2. The intake manifold according to claim 1, wherein a clearance is
formed between the pair of inlet pipes, the proximal portions of
the pair being connected to each other by a connecting portion, and
the reinforcing rib extending from the connecting portion to the
side wall of the surge tank.
3. The intake manifold according to claim 2, wherein the connecting
portion is shaped like a plate.
4. The intake manifold according to claim 2, wherein the intake
manifold is formed by a lower half body and an upper half body, the
half bodies are welded to each other by using welding margins
provided in the half bodies, parts of each welding margin that are
located to correspond to the proximal portions of the inlet pipes
being wider than the remainder of the same welding margin.
5. The intake manifold according to claim 4, wherein the connecting
portion includes a connecting portion provided in the lower half
body and a connecting portion provided in the upper half body.
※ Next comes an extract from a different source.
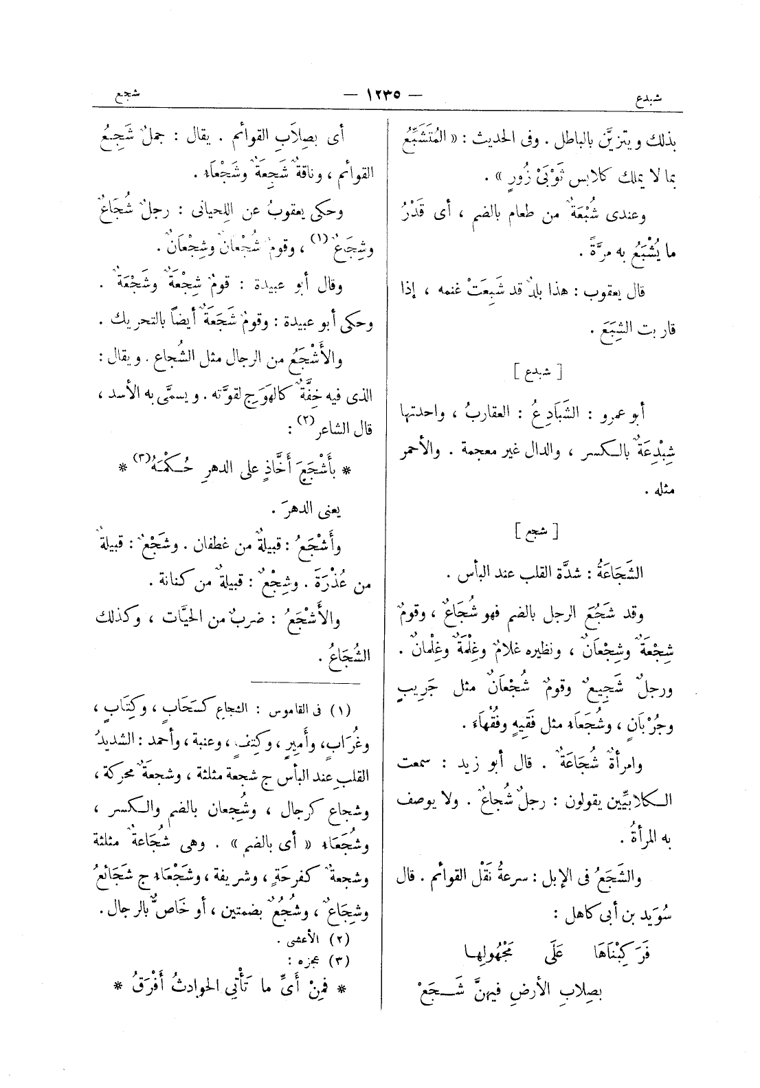 (¬1) في القاموس: الشجاع كسحاب، وكتاب، وغراب، وأمير، وكتف، وعنبة، وأحمد: الشديد القلب عند البأس ج شجعة مثلثة، وشجعة محركة، وشجاع كرجال، وشجعان بالضم والكسر، وشجعاء " أي بالضم ". وهى شجاعة مثلثة وشجعة كفرحة، وشريفة، وشجعاء ج شجائع وشجاع، وشجع بضمتين، أو خاص بالرجال.

6. The intake manifold according to claim 1, wherein two or more of
the inlet pipes are provided on either side of the surge tank.
Description
BACKGROUND OF THE INVENTION
[0001] The present invention relates to an intake manifold for an
engine.
[0002] Japanese Laid-Open Patent Publication No. 2008-184939
discloses an intake manifold that includes a manifold body. The
manifold body is a synthetic resin single component that includes a
surge tank and a plurality of inlet pipes. Synthetic resin internal
pipes are provided inside the manifold body. Each internal pipe
protrudes into the surge tank from the proximal portion of one of
the inlet pipes, or from a portion of the inlet pipe that is
coupled to the surge tank.
[0003] Because of the internal pipes provided separately from the
manifold body, the conventional intake manifold has a large number
of components and a complicated structure. Omission of the internal
pipes would simplify the structure. However, such omission would
lower the pressure capacity of portions of the intake manifold
including the proximal portions of the inlet pipes. The internal
pipes have a function for correcting molding strains, which often
occur in the vicinity of the proximal portions of the inlet pipes
when a surge tank and inlet pipes are integrally molded with
synthetic resin. The omission of the internal pipes would therefore
make drawbacks due to molding strains conspicuous.
SUMMARY OF THE INVENTION
[0004] Accordingly, it is an objective of the present invention to
provide an intake manifold of a simple structure with a small
number of components, in which the pressure capacity of portions of
the intake manifold including the proximal portions of the inlet
pipes is high, and molding strains do not easily occur in the
vicinity of the proximal portions of the inlet pipes.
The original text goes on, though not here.